Of course, U.S. Black Chambers, Inc. (USBC) believes that the shortest route to addressing Black unemployment is by improving opportunities to grow America’s 2 million Black-owned businesses. In fact, if each of these businesses was able to hire just one employee, it would solve Black unemployment overnight. While this may seem to be a simplistic approach to problem- solving, it is a great illustration of what is achievable by concentrating our organization’s efforts on federal, state and local procurement practices that fail to provide equitable opportunity for Black-owned businesses.
We have spent countless hours at the White House, engaging the U.S. Small Business Administration through its Council on Underserved Communities and working through the efforts of the House and Senate Committees on Small Business. We’ve watched federal procurement contracts with African American suppliers and contractors shrink. While in Texas recently, I learned that the huge state with its booming economy spent less than 2 percent of its contract awards with Black businesses. Reports from California, Pennsylvania, Louisiana and other states indicate that Texas is not alone in shortchanging opportunity for Black businesses.
If the federal government is going to get serious about addressing either unemployment or income inequality, we believe that raising the minimum wage may be a good place to start… but a better place would be by enforcing statutes that drive increased utilization of Black-owned businesses in federal contracting opportunities. At a time that the number of Black businesses is skyrocketing and the number of firms ready, willing and able to perform as contractors and subcontractors on federal contracts is growing, it makes no sense that the number of these firms being awarded contracts is shrinking!
We realize that relying solely on government contracting for business growth is shortsighted. That’s why our first line of business growth strategy for Black businesses is doing whatever we can to maximize opportunities for Black consumers to patronize them. Our local chambers across the nation are doubling their efforts to raise the profiles of their members through the Black Press, social media and other avenues. As our projected consumer dollars continue to spiral upward beyond a trillion DOLLARS, it is imperative that we become more conscientious in our efforts to support Black businesses.
We are preparing to roll out the 2014 USBC Solutions Series. Through this program, USBC chambers and their member businesses will be kept abreast of federal policy changes, learn of improvements in access to capital, learn innovative business strategies and bridge the digital divide through technology enhancements in their businesses. Stay tuned for the host cities and dates.

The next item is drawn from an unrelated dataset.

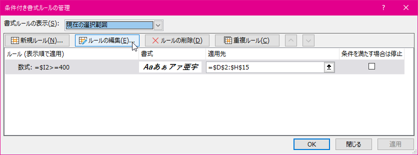 - [条件付き書式ルールの管理]ダイアログボックスから編集したいルールを選択して[ルールの編集]ボタンをクリックします。

If you live in West Philadelphia, the East Side of San Antonio, central Los Angeles, eastern Kentucky, or the Choctaw Nation of Oklahoma, you’ll begin to see a concentration of federal resources to address a wide range of issues (education, healthcare, crime, etc.) that have historically impacted opportunity in these communities. According to President Obama, “We call these communities Promise Zones. They’re neighborhoods where we will help local efforts to meet one national goal — that a child’s course in life should be determined not by the zip code she’s born in, but by the strength of her work ethic and the scope of her dreams.”
Our member chambers will work closely with other organizations and agencies to make sure that Black-owned businesses share in the promise made to the communities they call home. Strong chambers equal strong businesses; strong businesses equal strong communities. Our commitment is unwavering. We believe that through Advocacy, Access to capital, Contracting, Entrepreneur training and Chamber development and Black businesses will thrive. As a result, Black unemployment numbers will shrink and take home pay will increase. As always, we ask that you join us in the fight.
Ron Busby, Sr. is president and CEO of U.S. Black Chambers, Inc.